Combine Google Search Console with GA4 in BigQuery [2024]

Google Search Console is very useful as it is, but how about taking your analysis to the next level by joining it with GA4 data. There are some requirements for this to work, which we will go through.

Even if you linked Google Search Console to your GA4 property, you won’t see this information in the export. You need to take the Google Search Console data to BigQuery using the bulk export feature.

Our goal is to understand what organic keywords brought users to our website. First, we are going to prepare the data from our GA4 event table. In the second part, we will do the same for Google Search Console. Finally, we will visualize the data using Looker studio.

We will prepare the GA4 fields that we will join later on with Google Search Console:

FieldTypeDescription
landing_pagestringThe name of the landing page.
session_idstringThe unique ID of the visit by the user.
sourcestringThe source of visitor (LinkedIn, email…)
mediumstringThe support used by the user (organic, CPC, email…)
datedateThe date when the user triggered an event.
with ga4_start as(
SELECT
-- format date
PARSE_DATE('%Y%m%d',event_date) as date,
-- get unique seesion_id
concat(user_pseudo_id,(select value.int_value from unnest(event_params) where key='ga_session_id')) as session_id,
-- Get the landing page
max(case when (select value.int_value from unnest(event_params) where event_name='page_view' and key='entrances')=1 then (select value.string_value from unnest(event_params) where event_name='page_view' and key='page_location') end) as landing_page,
max((select value.string_value from unnest(event_params) where key='medium')) as medium,
max((select value.string_value from unnest(event_params) where key='source')) as source,
FROM `analygo.analytics_434200232.events_*`
-- define dynamic date range
where _table_suffix between format_date('%Y%m%d', date_sub(current_date(),interval 1 month))
and format_date('%Y%m%d', date_sub(current_date(),interval 1 day))
group by 1,2
-- Query only data from Google organic
having source='google' and medium='organic'),

In ga4_start, we selected all traffic from the organic medium and google search engine as the source. We also extracted other fields : date and landing_page which will be used as keys to join with GSC data.

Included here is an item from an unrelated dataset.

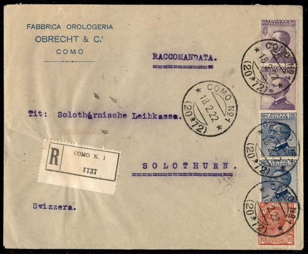 Tricolore - Busta raccomandata affrancata con 10 cent Leoni (82) + coppia verticale del 25 cent e del 50 cent Michetti (83 + 85) da Como a Solothurn del 18.2.22

After getting all the fields, it’s time to do some calculations and prepare the final GA4 query.

--Aggregate data from ga4_start
ga4_data as(
select
date,
landing_page,
count(distinct session_id) as unique_sessions
from ga4_start group by 1,2),

Google Search Console export is split into two tables:

1️⃣ searchdata_url_impression: the data is aggregated by the URL (more granular view than 2️⃣).

2️⃣ searchdata_site_impression: GSC data aggregated by the property (no URL data).

We are using the first table because it has the URL data.

First, we need to get the necessary fields from searchdata_url_impression.

The GSC data querying is more straightforward. there are no nested fields. We just need to grab the data directly from the searchdata_url_impression table.

-- Get search console fields
gsc_data as (
select
data_date as date,
query,
-- New fiel to get the branded/non-brnded querues
case when regexp_contains(query,'(analygo)|(hamza)|(kharraz)') then "branded" else 'non-branded' end as branded_query,
country,
url as landing_page,
-- Calculate average postion
avg(sum_position) as avg_position,
sum(impressions) as impressions,
sum(clicks) as clicks
from `analygo.searchconsole_hamzaelkharraz.searchdata_url_impression`
where data_date between date_sub(current_date(),interval 1 month)
and date_sub(current_date(),interval 1 day) group by 1,2,3,4,5 having query is not null)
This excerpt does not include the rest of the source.